A.4.2 Other R functions related to the normal distribution

As shown above the dnorm() function calculates the probability density at given values of a variable x, given the specified mean and standard deviation.

pnorm() gives the cumulative density function (also known as the distribution function) for the normal distribution, as shown below:

cdf <-
  data_frame(height = seq(100, 250, 0.5),
             cum.prob = pnorm(height, true.mean, true.sd))

ggplot(cdf) +
  geom_line(aes(height, cum.prob)) +
  labs(x = "Height", y = "Cumulative probability")

qnorm() is the quantile function for the normal distribution. The input is the probabilities of interest (single value or vector), and the mean and standard deviation of the distribution. The output is the corresponding value of the variable corresponding to the given percentiles. For example, to estimate the lower 30th percentile of heights in adult males in the US we can use qnorm() as follows:

qnorm(0.3, true.mean, true.sd)
## [1] 167.7344

Using qnorm we find that in a population where height ~ \(N(175.7, 15.19)\), 167.7cm is the approximate cutoff for the lower 30th percentile. We can illustrate that as shown below:

library(glue) # note the use of the glue library (part of tidyverse)
              # to enable string literals as used in the title below

perc.30 <- qnorm(0.3, true.mean, true.sd)

label.offset <- 18 # determined by trial and error to make a 
                   # nice looking figure

heights.less.perc.30 <- seq(100, perc.30, by=0.5)
density.less.perc.30 <- dnorm(heights.less.perc.30, true.mean, true.sd)

ggplot(pop.distn) +
  geom_line(aes(x = height, y = density)) + 
  geom_vline(xintercept = perc.30, linetype='dashed') +
  geom_area(aes(x = heights.less.perc.30, y = density.less.perc.30),
            fill = "gray", data = data_frame(x = heights.less.perc.30)) +
  annotate("text", x = perc.30 - label.offset, y = 0.025, 
           label = "30th percentile", color = 'red') +
  labs(title = glue("Probability distribution as calculated by dnorm()\nand the 30th percentile as calculated by qnorm()\nfor a normal distribution ~N({true.mean},{true.sd})."))

A.5 Random sampling from the simulated population

Let’s simulate the process of taking a single sample of 30 individuals from our population, using the rnorm() function which takes samples if size n from a normal distribution with the given mean and standard deviation:

sample.a <-
  data_frame(height = rnorm(n = 30, mean = true.mean, sd = true.sd))

Now we’ll create a histogram of the height variable in our sample.
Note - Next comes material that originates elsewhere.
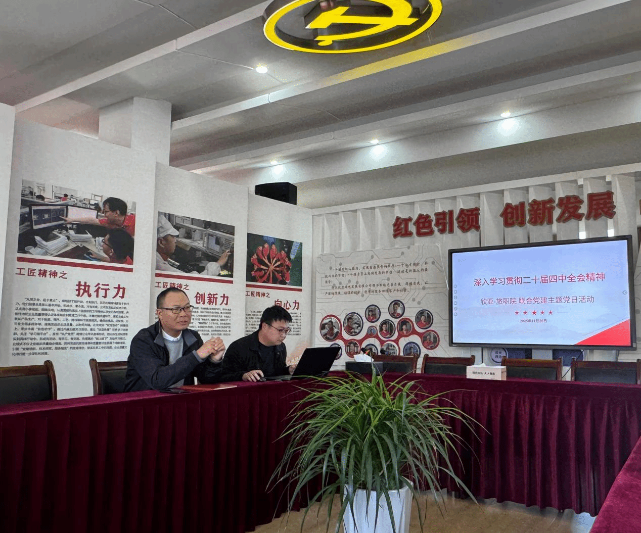2025年11月26日,我校思政教师董鸿飞赴浙江欣亚磁电发展有限公司,面向企业党员与我校机关党支部党员教师,开展党的二十届四中全会精神专题宣讲。宣讲围绕“贯彻落实党的二十届四中全会精神,谱写‘十五五’时期中国式现代化新篇章”主题,深入解读了国内外发展形势、中国式现代化的核心任务,以及“十五五”规划的主要目标与亮点特点,重点阐述了加快发展新质生产力、建设现代化产业体系、推动高水平科技自立自强等内容。

For reference we’ll also plot the probability for the true population (but remember, in the typical case you don’t know what the true population looks like)

sample.a %>%
  ggplot(aes(x = height)) + 
  geom_histogram(aes(y = ..density..), 
                 fill = 'steelblue', alpha=0.75, bins=10) + 
  geom_line(data=pop.distn, aes(x = height, y = density), 
            alpha=0.25,size=1.5) +   
  geom_vline(xintercept = true.mean, linetype = "dashed", color="red") + 
  geom_vline(xintercept = mean(sample.a$height), linetype = "solid") + 
  labs(x = "Height (cm)", y = "Density", 
       title = "Distribution of heights in the underlying population (line)\nand a single sample of size 30 (blue)")
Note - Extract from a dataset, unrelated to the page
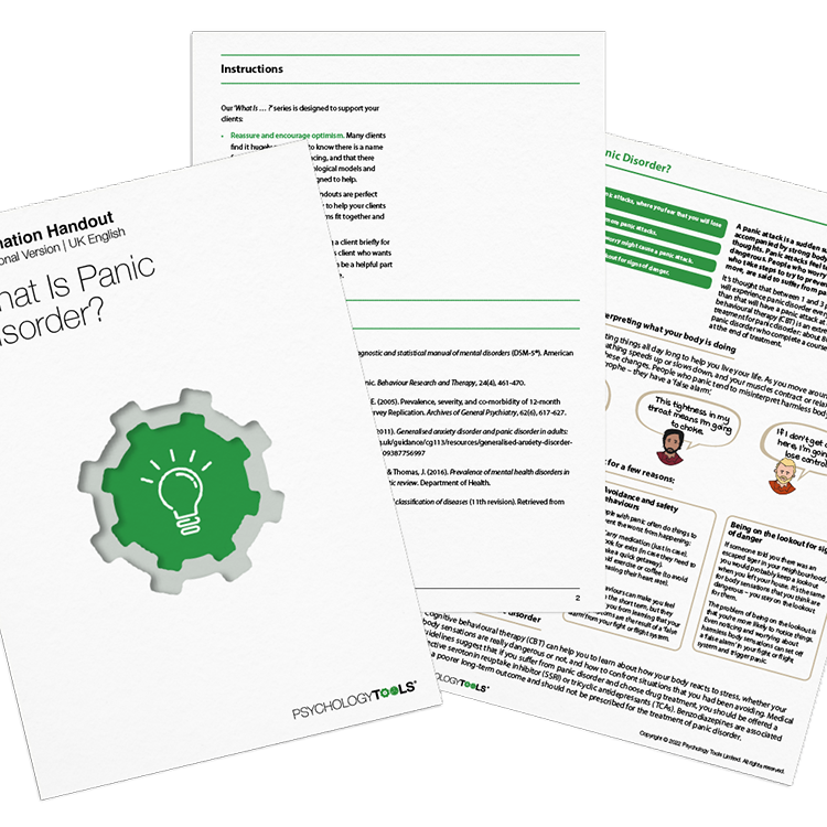 The What Is Panic? information handout is designed to help clients with panic attacks and panic disorder understand more about their condition. It includes a summary of the most common symptoms of panic attacks and panic disorder, and insights into why panic disorder might not get better by itself, derived from the Clark (1986) cognitive model of panic.

The dashed vertical line represent the true mean of the population, the solid line represents the sample mean. Comparing the two distributions we see that while our sample of 30 observations is relatively small,its location (center) and spread that are roughly similar to those of the underlying population.

Let’s create a table giving the estimates of the mean and standard deviation in our sample:

sample.a %>% 
  summarize(sample.mean = mean(height), 
            sample.sd = sd(height))
## # A tibble: 1 x 2
##   sample.mean sample.sd
##         <dbl>     <dbl>
## 1        176.      12.4

Based on our sample, we estimate that the mean height of males in our population of interest is 175.5215685cm with a standard deviation of 12.4101548cm.

A.5.1 Another random sample

Let’s step back and think about our experiment. We took a random sample of 30 individuals from the population. The very nature of a “random sample” means we could just as well have gotten a different collection of individuals in our sample. Let’s take a second random sample of 25 individuals and see what the data looks like this time:

sample.b <-
  data_frame(height = rnorm(30, mean = true.mean, sd = true.sd))

sample.b %>%
  ggplot(aes(x = height)) + 
  geom_histogram(aes(y = ..density..), 
                 fill = 'steelblue', alpha=0.75, bins=10) + 
  geom_line(data=pop.distn, aes(x = height, y = density), 
            alpha=0.25,size=1.5) +   
  geom_vline(xintercept = true.mean, linetype = "dashed", color="red") + 
  geom_vline(xintercept = mean(sample.a$height), linetype = "solid") + 
  labs(x = "Height (cm)", y = "Density", 
       title = "Distribution of heights in the underlying population (line)\nand a single sample of size 30 (blue)")

sample.b %>% 
  summarize(sample.mean = mean(height), 
            sample.sd = sd(height))
## # A tibble: 1 x 2
##   sample.mean sample.sd
##         <dbl>     <dbl>
## 1        176.      17.2

This time we estimated the mean height to be 175.651398 cm and the standard deviation to be 17.1780732 cm.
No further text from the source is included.